ELISA-Based Method to Analyze Interactions between Bait and Prey Proteins

To prepare for ELISA, dispense 100 microliters of protein solution into each well of a Polysorp microtiter plate. Close the plates with the lid, and store at 4 degrees Celsius overnight to facilitate the immobilization of protein onto microtiter plate wells. Discard the solution from the microtiter plate by tilting upside down over the sink. Then, wash the wells three times with 300 microliters of PBS per well.
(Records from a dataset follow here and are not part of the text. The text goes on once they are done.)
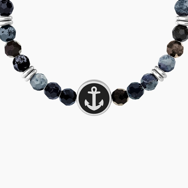 Pulsera elástica de hombre con ágata azul y ancla Family Kidult 732263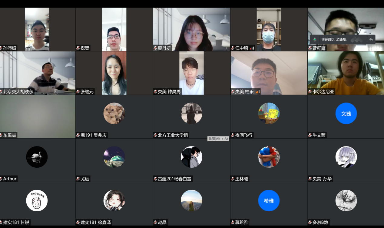 7月21日上午,2021营造大集第二次中期研讨会成功召开。北京建筑大学建筑与规划学院金秋野常务副院长、李春青副院长,“几何 | 游山”出题人王硕,北方工业大学、北京工业大学、北京交通大学、北京建筑大学、北京林业大学、清华大学、中央美术学院(按名称拼音首字母排序)七所高校参赛师生代表,受邀参加了本次研讨会。本次会议线上召开,师生们互动气氛热烈。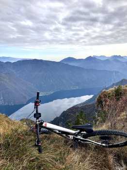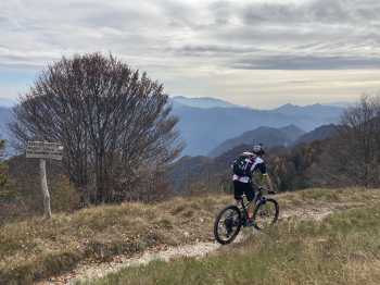 Ci attende la cresta col suo singletrack a tratti esposto e alcuni saliscendi che ci obbligheranno a pedalare. Il primo tratto di discesa lambisce la parte di bosco e si presenta subito proibitivo per i più. Servono doti trialistiche non da tutti su tale pendenza e terreno scavato sdrucciolevole. Optiamo per la conduzione a mano del mezzo, pochi metri dopo il sentiero rimane stretto, ma si fa via via più docile e divertente, fino a condurci nel fitto bosco, parte in assoluto più divertente da guidare. Sentiero vario, mediamente tecnico a tratti con qualche lieve rilancio, alternato a tornantini e tratti veloci. Ci godiamo il divertimento fino a un bivio che corrisponde col termine della cresta. Ignoriamo le indicazioni per Lodrone/Ponte Caffaro, svoltando a destra, direzione Sant’Antonio/Anfo.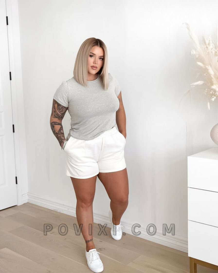 A simple yet stylish look featuring a soft gray fitted T-shirt tucked into white tailored shorts creates an effortlessly chic summer vibe. This outfit is perfect for a casual mom running errands or meeting friends for coffee. The clean, monochromatic aesthetic is fresh, modern, and breathable, ideal for warm weather. White sneakers complete the ensemble, ensuring all-day comfort.

Block the coated wells for 1 hour at room temperature with PBS, containing 2.5 weight volume percent BSA. After removing the blocking solution, wash the wells three times with 300 microliters of PBST per well. Now, add 100 microliters of 50 nanomolar recombinant His-tagged PH to each sample. In the control wells, add only 100 microliters of PBS-BSA. Incubate the plate for 1 hour at room temperature.

Following incubation, discard the protein solution and remove the unbound proteins by washing the wells three times with 300 microliters of PBST per well. Then, add 100 microliters of PBS-BSA, containing horseradish peroxidase-conjugated anti-His polyclonal antibodies.

After incubating for 1 hour at room temperature, wash the wells three times with 300 microliters of PBST per well. Detect the antigen-antibody complexes by adding 100 microliters of ELISA detection reagent to each well. Then, add 50 microliters of 1 molar sulfuric acid per well to stop the reaction. Measure the optical density of the wells at 450 nanometers, using a microplate reader.